* _TASK INSTRUCTIONS_:
From the data that follows, set down exactly the lines from the one with "目前地图还没开完,9符的地符" through the one with "沧州明珠7月12日晚间发布2", counting both. Pictures stay out.

* _RECORDS FOR THIS TASK_:
----------------------------------------

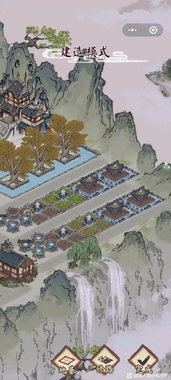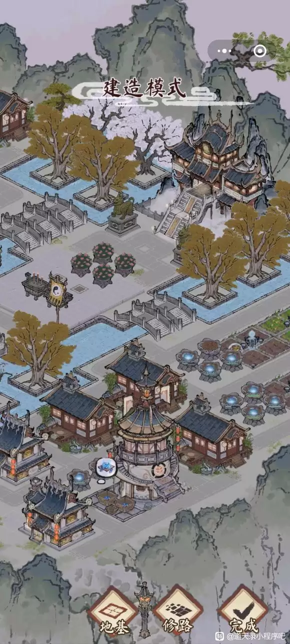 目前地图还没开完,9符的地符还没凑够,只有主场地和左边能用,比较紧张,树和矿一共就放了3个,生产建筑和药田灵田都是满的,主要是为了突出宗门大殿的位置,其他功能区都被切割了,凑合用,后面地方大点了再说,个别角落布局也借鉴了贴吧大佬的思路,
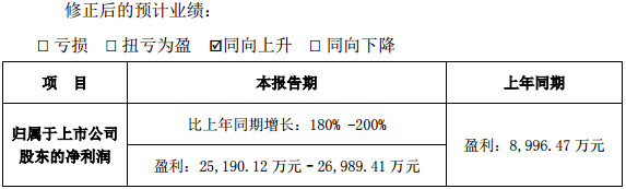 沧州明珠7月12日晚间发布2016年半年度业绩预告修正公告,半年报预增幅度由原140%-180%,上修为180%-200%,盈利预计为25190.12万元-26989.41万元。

----------------------------------------

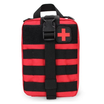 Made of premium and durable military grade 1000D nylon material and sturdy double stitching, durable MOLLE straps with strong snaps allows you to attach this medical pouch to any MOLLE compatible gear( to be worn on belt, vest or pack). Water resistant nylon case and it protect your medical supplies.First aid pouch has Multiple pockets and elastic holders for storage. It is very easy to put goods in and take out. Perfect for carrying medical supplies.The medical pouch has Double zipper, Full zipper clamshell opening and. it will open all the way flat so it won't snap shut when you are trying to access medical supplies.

----------------------------------------

* _SOLUTION BELOW_:
 目前地图还没开完,9符的地符还没凑够,只有主场地和左边能用,比较紧张,树和矿一共就放了3个,生产建筑和药田灵田都是满的,主要是为了突出宗门大殿的位置,其他功能区都被切割了,凑合用,后面地方大点了再说,个别角落布局也借鉴了贴吧大佬的思路,
 沧州明珠7月12日晚间发布2016年半年度业绩预告修正公告,半年报预增幅度由原140%-180%,上修为180%-200%,盈利预计为25190.12万元-26989.41万元。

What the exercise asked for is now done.